Some 91% of non-compliant firms had no annual AML compliance review and/or had not completed appropriate training. Relevant employees had generally not been screened or, if they had, it had not been recorded.
Regulation 24: Regular AML training
Regulation 24 requires all relevant employees to undertake regular AML training to recognise and deal with transactions which may be related to money laundering, as well as to identify and report anything that gives grounds for suspicion.
Nine in 10 (87%) non-compliant firms were unable to demonstrate that relevant employees (including sole practitioners) had undertaken appropriate and regular training.
Often firms incorrectly declared AML training relating to the software the firm uses – this training was often found to relate to the way the software works, rather than the ML regulations.
Regulations 27 and 28: Customer due diligence and client risk assessments
Regulations 27 and 28 relate to customer due diligence (CDD) and client risk assessments. In general, most firms understood the requirements, however 46% of non-compliant firms had issues in this area.

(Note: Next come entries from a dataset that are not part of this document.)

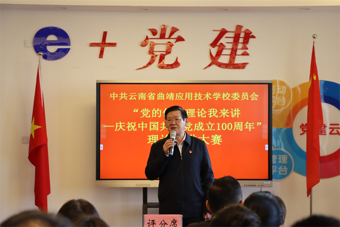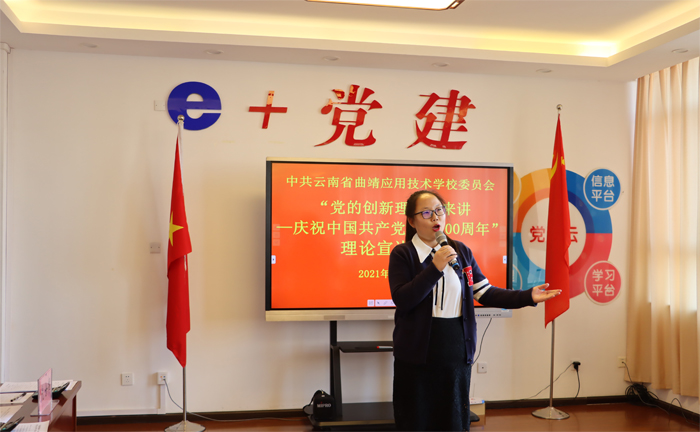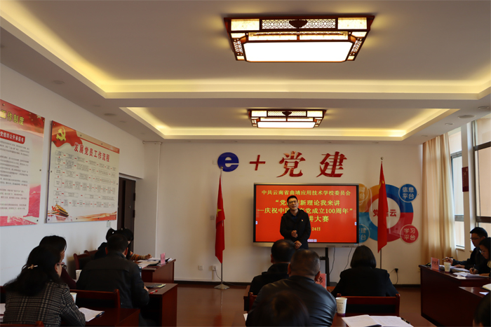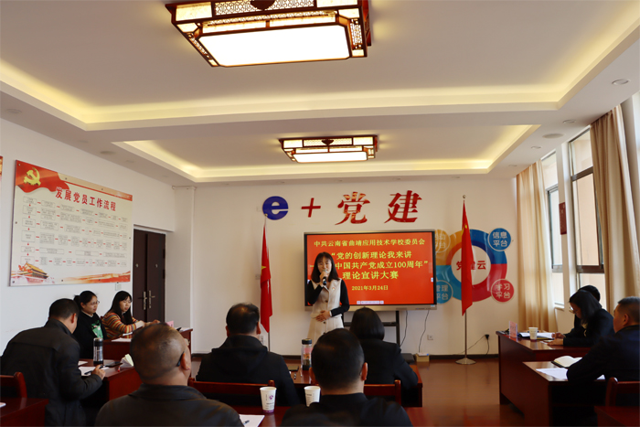 为充分展示中国共产党百年光辉历程、伟大成就和宝贵经验,深刻阐释中国共产党领导是中囯特色社会主义最本质的特征,是中国特色社会主义制度的最大优势,激励广大师生更加紧密地团结在以习近平同志为核心的党中央周围,3月24日下午,学校举行“党的创新理论我来讲——庆祝中国共产党成立100周年”理论宣讲大赛,全体党员参加了此次活动。
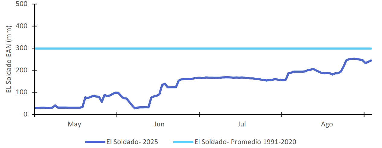 Respecto del manto nival, la serie de El Soldado (Choapa) muestra que el Equivalente de Agua Nieve (EAN) 2025 se mantuvo por debajo del promedio 1991–2020 a lo largo del período de acumulación.
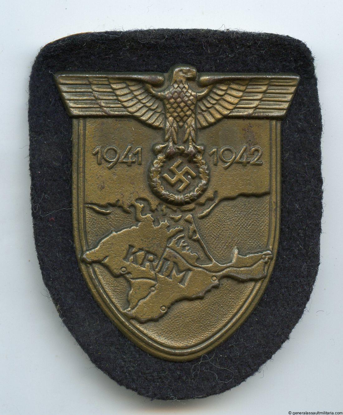Krim shield Panzer/Kriegsmarine cloth – Karl Wurster, Markneukirchen. Steel 4 prong Krim shield with paper backing and blue/black cloth. Remains in unworn condition with a few small rust spots and nearly all the bronze finish nicely preserved. Wurster design shield with very rare blue/black colored cloth. Top shield that is very difficult to find.
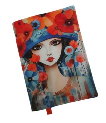 Nastavitelný obal na knihu klasické výšky ušitý ze 100% bavlněných látek - přední strana panel s obrázkem, zadní strana kvalitní zahraniční bavlněná látka v ladící sytě oranžové barvě, vnitřek česká bavlna s režným efektem. Všitá záložka. Klopa vyztužená vlizelínem, celý obal je podložený měkkou výztuhou.
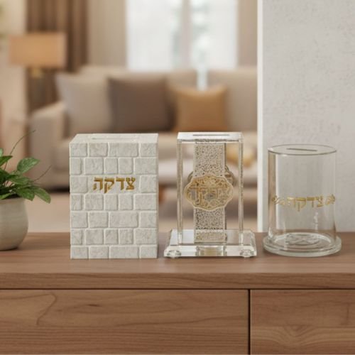 קופת צדקה קריסטל עם פלקטות 11.7X16 ס"מ
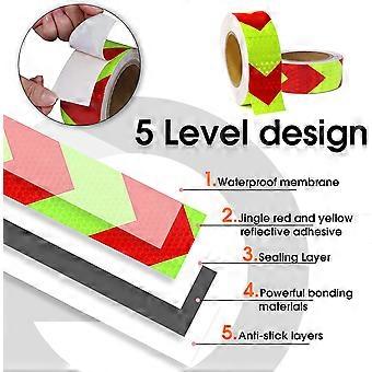 25mx5cm reflekterende advarselstape, reflektor sikkerhetstape for pilorientering, advarselsskilt, høy synlighet, høy intensitet, pil i rødt og hvitt -
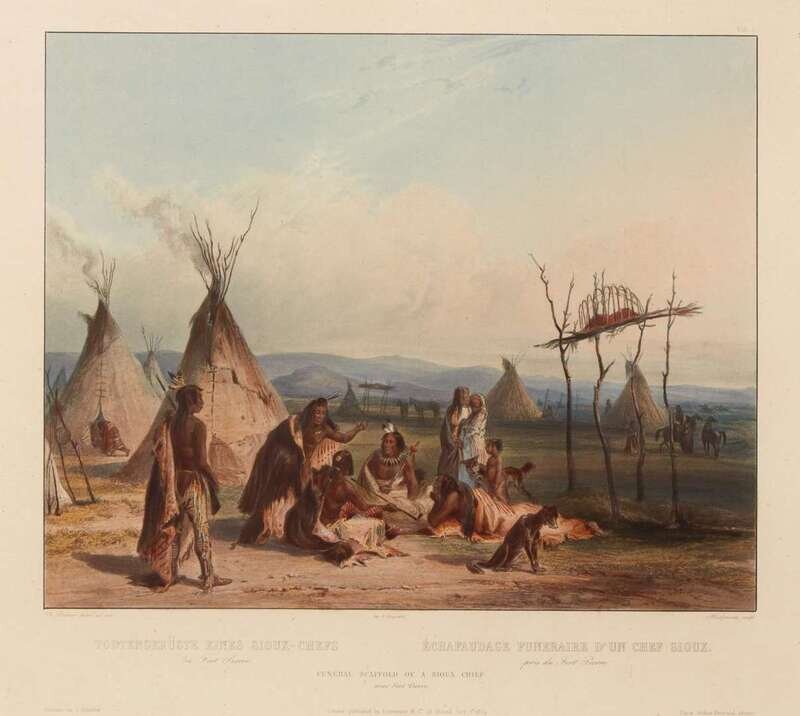 After Karl Bodmer (1809-1893), "Funeral Scaffold of a Sioux Chief near Fort Pierre," circa 1840
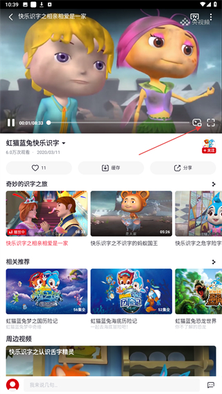 3、进入播放的页面内,用户需点击画面下缓存的功能按钮。
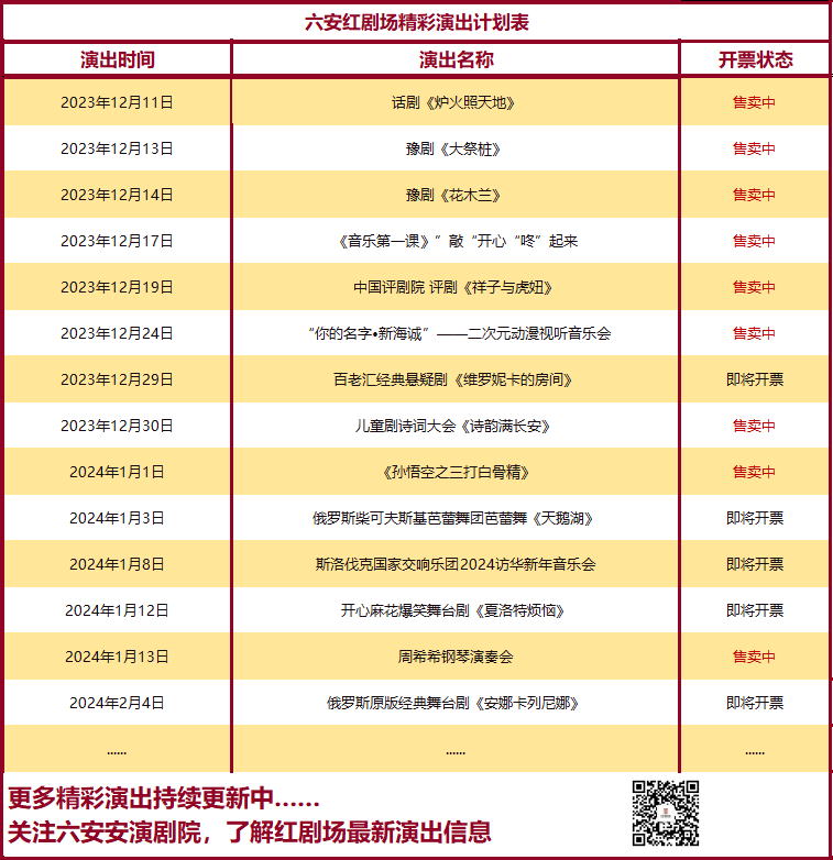 “徽班”登台,鸣锣开戏!2023年11月至2024年1月,中共安徽省委宣传部、安徽省文化和旅游厅、安徽省文学艺术界联合会主办“新时代新徽班新气象”安徽省精品剧目展演。12台大戏、21场演出,将精彩亮相于北京、上海、南京、杭州、合肥、六安等地。

The most common failing was a lack of written client risk assessments where firms stated that they did not require the written assessments. Other issues included incomplete or inadequate client risk assessments that did not reflect the services provided or nature of the client, incomplete or non-existent know-your-client information, and/or no evidence of ongoing reviews or updates, all of which increase the risk that the firm could be exploited by criminals or become complicit in money laundering.
Regulations 40 and 41: Record retention and data protection
Other areas that firms regularly fail to demonstrate compliance on include regulations 40 and 41 which relate to record retention and data protection requirements.
Records relating to CDD and the business relationship must be kept for five years from the end of the client relationship and all records related to an occasional transaction must be retained for five years after the date of the transaction.
Before establishing a business relationship or entering into an occasional transaction with a client, a firm must advise the client of its data protection obligations and record this.
An example of best practice is where firms include an appropriate statement in Letters of Engagement or Terms of Business.
Help is at hand
The IFA provides regular AML training and a suite of AML templates for firms, as well as a dedicated AML support email
Firms should engage with their respective supervisors to seek support and advice.
Tim Pinkney is Head of Practice Standards at the IFA.